Aren startled, heart jumping as a man stepped into the fading light. He was older, his hair streaked with grey, his posture straight in a way that suggested long habit rather than strength. His eyes were sharp, assessing, as if Aren had interrupted something rather than the other way around.
"You shouldn't linger here," the man said calmly.
Aren frowned. "Why?"
The man regarded him for a moment before answering. "Because people come here when they've noticed things they shouldn't."
The words sent a pulse of unease through Aren.
"I don't know what you mean," he said, too quickly.
The man smiled faintly—not unkindly, but not reassuring either. "Of course you don't."
He gestured toward the shrine. "Old places collect stories.
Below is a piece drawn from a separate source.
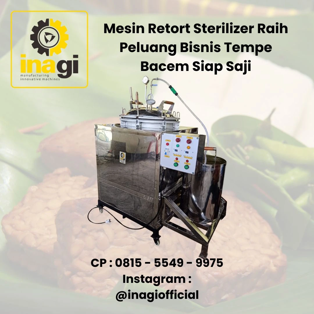 Menggunakan mesin retort sterilizer Inagi adalah solusi terbaik bagi produsen yang ingin mengembangkan bisnis tempe bacem instan dengan masa simpan lebih lama dan kualitas tetap terjaga. Dengan efisiensi produksi dan peluang pasar yang luas, bisnis ini memiliki potensi besar untuk berkembang. Jangan lewatkan peluang bisnis ini! Segera gunakan mesin retort sterilizer Inagi untuk produksi tempe bacem instan berkualitas tinggi. Hubungi kami sekarang di :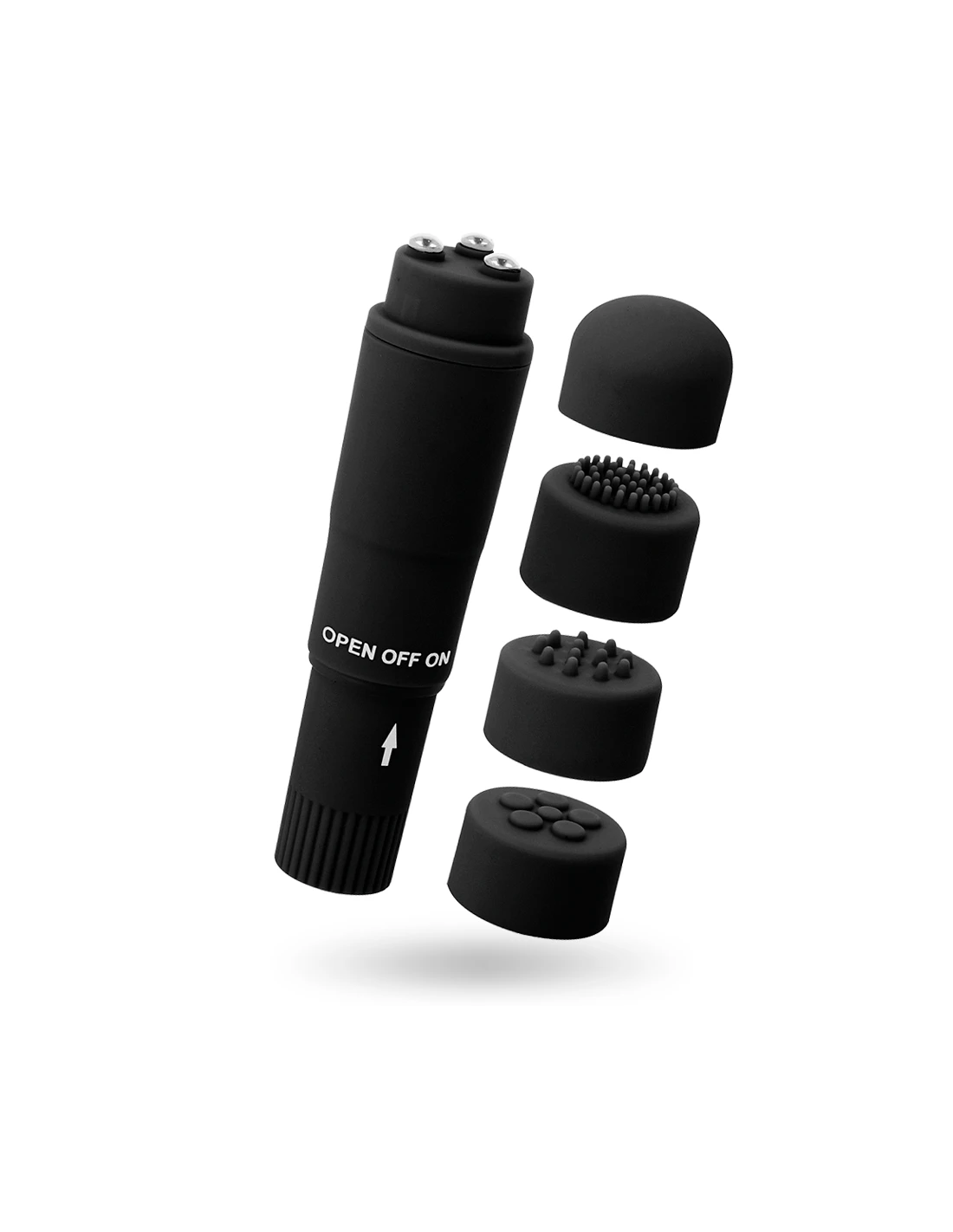 Este potente estimulador portátil hace lo que dice en el envase. Viene con 4 cabezales diferentes fácilmente intercambiables para vivir distintos estímulos. A veces lo único que necesitas es una velocidad. Este pequeño estimulador está hecho de ABS con recubrimiento de poliuretano.

Most of them are wrong."
"Then why keep them?" Aren asked.
"Because believing in rules makes people feel safe," the man replied. "Even when they don't know who made them."
Aren's breath slowed.
"Do you?" he asked quietly.
The man met his gaze. "No one does."
Silence settled between them.
After a moment, the man stepped back into the shadows, already losing definition as the light faded. "If you're wise," he added, "you'll learn where the limits are—and stay well within them."
"Limits of what?" Aren asked.
But the man was gone.
Aren stood alone before the shrine, the stone cool and indifferent beneath his fingers. He felt the pressure behind his eyes again, sharper now, edged with something dangerously close to recognition.
He turned away at last, walking back toward the heart of the Vale.
That night, sleep came easier than it should have.
Aren dreamed of lines etched into stone—circles within circles, layered so tightly they left no room to breathe. He stood at the centre of them, hands outstretched, while unseen walls rose quietly around him.
He woke with the image already slipping away.
Outside, the bells rang on time.
And somewhere, deep beneath the Still Vale, something old and patient settled more firmly into place, waiting for the next crack to widen.